# Finger Tabs - Black Widow & Bateman



## itbeso

Bullseye Joe said:


> I've been shooting recurve (barebow, 3 fingers under) for about six months now and recently bought a E.W. Bateman and Black Widow (both size medium) tab to try. I really like the Black Widow tab which fit my hand perfectly. The Bateman tab seems to be a nice tab but the fit is not good and seems to be a bit too wide and the face too short (see pictures below). Has anybody else experienced the same issues with the Bateman tabs? A larger size tab would probably fix the face length issue but would most probably result in a wider tab, which is already too wide.
> 
> View attachment 1535678
> View attachment 1535679


Joe, I've had nothing but good luck with the bateman tabs. I disagree with your assessment of that tab being too wide but the way you are showing it in the post, It does seem short.


----------



## Bullseye Joe

I shot both tabs for an hour or so this afternoon. First I cut the 'anchor tab' off the Black Widow which does not fit my shooting style. Apparently you can buy the tab without the anchor tab. The Black Widow fitted like a glove but I found the leather face a bit stiff. A bit of softening up sorted that out quickly. The thickness of the tab took a bit of getting used to compared to my previous tab which was much thinner and softer.
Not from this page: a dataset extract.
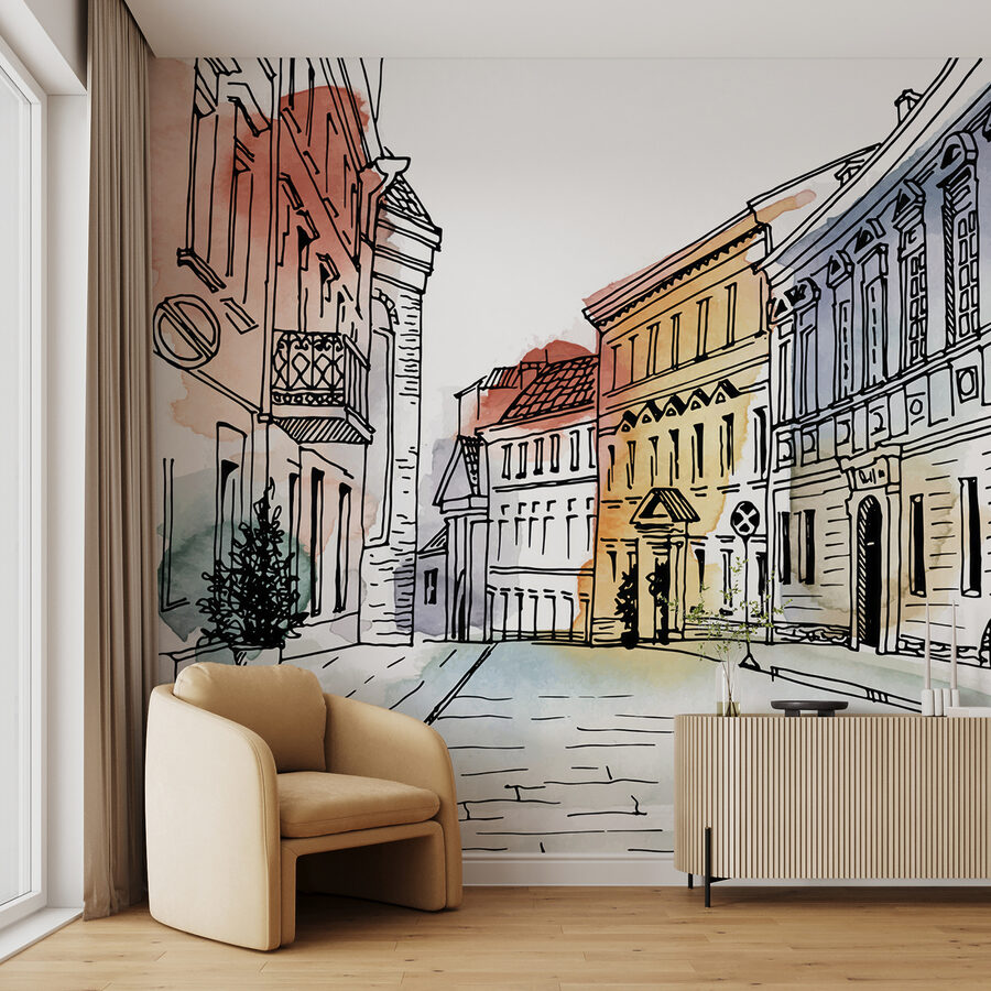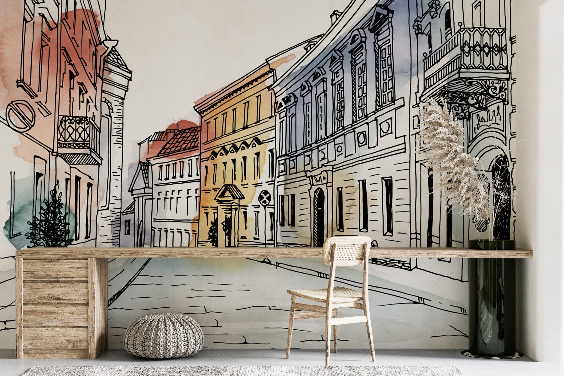 Transform your walls into a charming escape with this delightful wall mural featuring a captivating drawing of a building. It’s like stepping into a quaint little street in a European town, complete with artistic details that spark curiosity and a touch of nostalgia. Imagine sipping coffee while gazing at this mural, feeling as if you’re in a hidden piazza, away from the chaos. The warm tones and playful linework effortlessly breathe life into any room. Perfect for a cozy den or an inspiring workspace, it’s sure to be a conversation starter!

The Bateman tab provided a smooth release thanks to the cordovan face. As expected the Bateman tab face is a bit too short and the string hits my middle finger on the release. The tab is also too wide, at least for my fingers, and I had to move my pinky under the tab before the draw, which was a bit annoying. It however provided a very smooth release. I also prefer the velcro finger strap of the Black Widow above the thinner elastic strap of the Bateman, which feels a bit better on the finger. Both tabs are well made but I would definately be shooting the Black Widow tab. If the Bateman tab fitted my hand a bit better it might have been a different story.


----------



## Matt_Potter

You can get different sizes of the Bateman tab. If you like the feel order the next size up and do some trimming. 

Matt


----------



## mitchell

I also came over from trad several years ago. I draw three under and drop the ring finger. I shoot a two layer tab but i cut the back layer off under the index finger. I trim all the excess material i can off of my tabs. It works well for me. 

I think you just have to try several things till you find wha lt you like. Some guys love the tabs with the metal back on them. They did not work for me. Mine is relatively small and bare min for protection but makes for a good hunting rig.


----------



## big cypress

i prefer the neet tabs with felt spacer and shoot split with two under . tried a bateman and the little hard block spacer kept pinching the side of my finger ........edit: by the way i need a new tab and wondered about your thoughts on hair versus leather face . always used hairy tabs . .. . my apologies to O.P.


----------



## mitchell

I used the hair tabs long ago. They were really slick, but wore out rather quickly. At one time you could get a Seal Skin (the animal) tab that was about as slick as anything I have touched. I eventually went to the cordovan leather surface because it is slick, and lasts forever. From that I recall about the hair tabs there was no break in required though.


----------



## eric schmaus

big cypress said:


> i prefer the neet tabs with felt spacer and shoot split with two under . tried a bateman and the little hard block spacer kept pinching the side of my finger ........edit: by the way i need a new tab and wondered about your thoughts on hair versus leather face . always used hairy tabs . .. . my apologies to O.P.


I also prefer the NEET tabs over all others Ive tried, and Ive tried them all over the years. I like to sew in my felt spacer with needle and thread though if not mine seem to disappear. They must be glued in and work loose eventually and get lost.


----------



## fingershooter1

I use the three finger under tab from EW Bateman my self i usually end up trimming it a little to get to fit me...i have been shooting these for quite awhile.


----------